Exercise data:
========================================================================

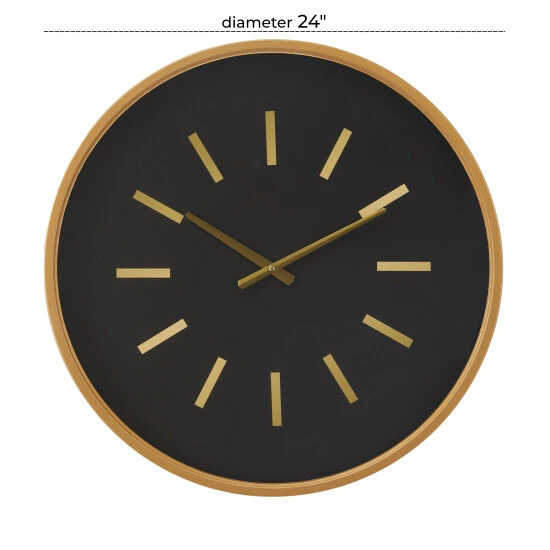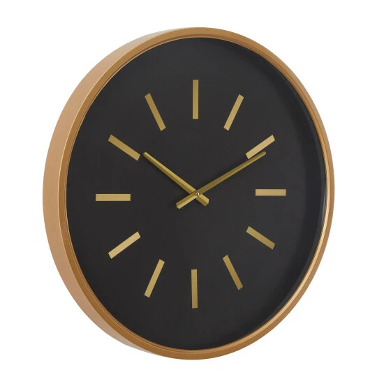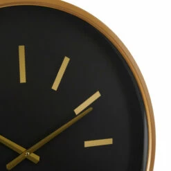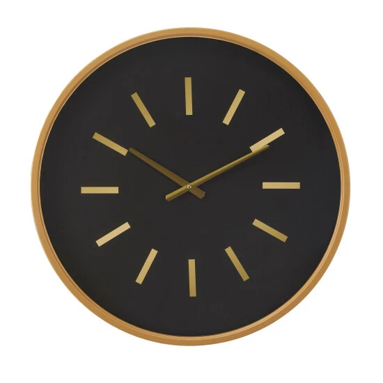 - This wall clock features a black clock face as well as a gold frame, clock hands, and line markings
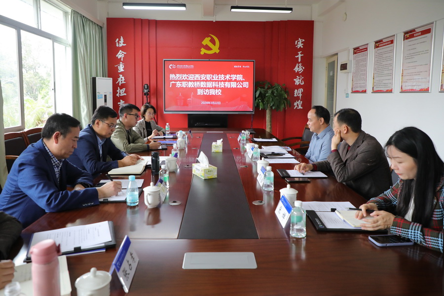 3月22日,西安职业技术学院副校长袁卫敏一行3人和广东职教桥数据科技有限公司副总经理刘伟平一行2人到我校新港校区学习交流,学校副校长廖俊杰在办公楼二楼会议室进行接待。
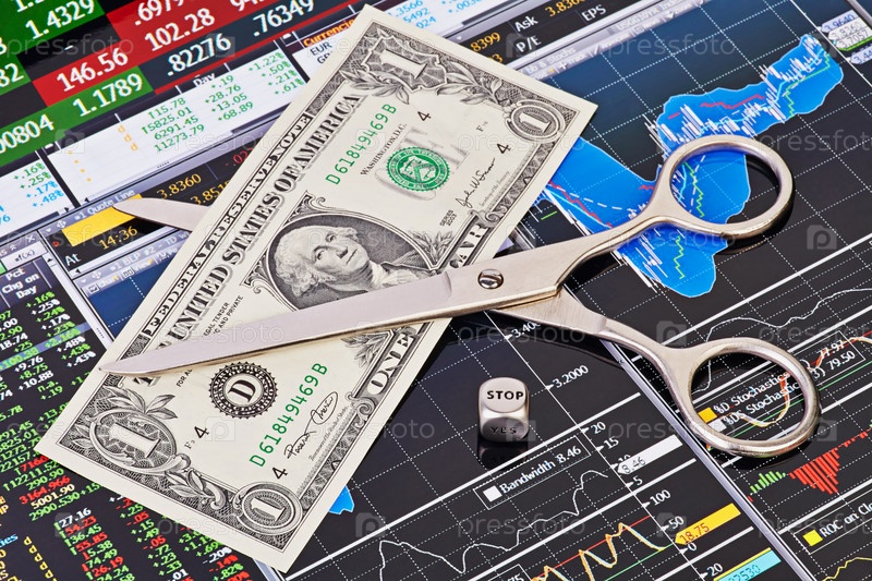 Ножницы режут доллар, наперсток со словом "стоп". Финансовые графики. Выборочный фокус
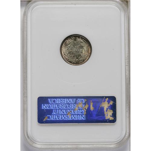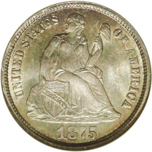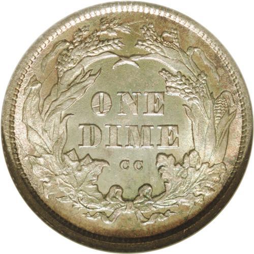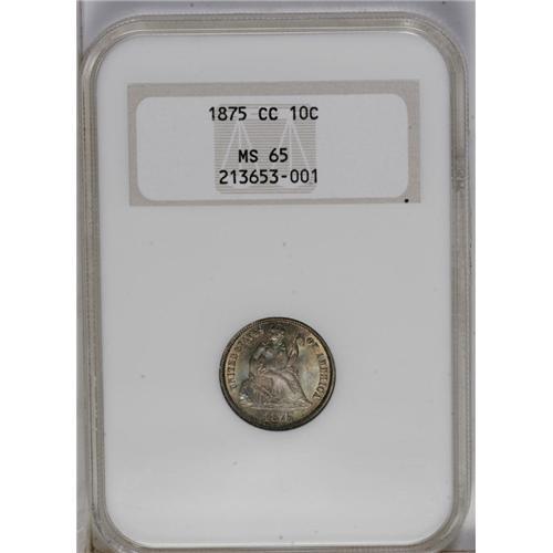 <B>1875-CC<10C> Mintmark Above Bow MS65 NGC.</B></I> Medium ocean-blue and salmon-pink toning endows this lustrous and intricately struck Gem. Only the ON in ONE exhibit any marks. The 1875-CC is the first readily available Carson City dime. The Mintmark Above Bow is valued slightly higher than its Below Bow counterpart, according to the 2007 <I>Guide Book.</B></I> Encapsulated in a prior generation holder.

========================================================================

What is required: Across all the lines above, repeat the wording exactly and omit the pictures.

Output of the exercise:
 - This wall clock features a black clock face as well as a gold frame, clock hands, and line markings
 3月22日,西安职业技术学院副校长袁卫敏一行3人和广东职教桥数据科技有限公司副总经理刘伟平一行2人到我校新港校区学习交流,学校副校长廖俊杰在办公楼二楼会议室进行接待。
 Ножницы режут доллар, наперсток со словом "стоп". Финансовые графики. Выборочный фокус
 <B>1875-CC<10C> Mintmark Above Bow MS65 NGC.</B></I> Medium ocean-blue and salmon-pink toning endows this lustrous and intricately struck Gem. Only the ON in ONE exhibit any marks. The 1875-CC is the first readily available Carson City dime. The Mintmark Above Bow is valued slightly higher than its Below Bow counterpart, according to the 2007 <I>Guide Book.</B></I> Encapsulated in a prior generation holder.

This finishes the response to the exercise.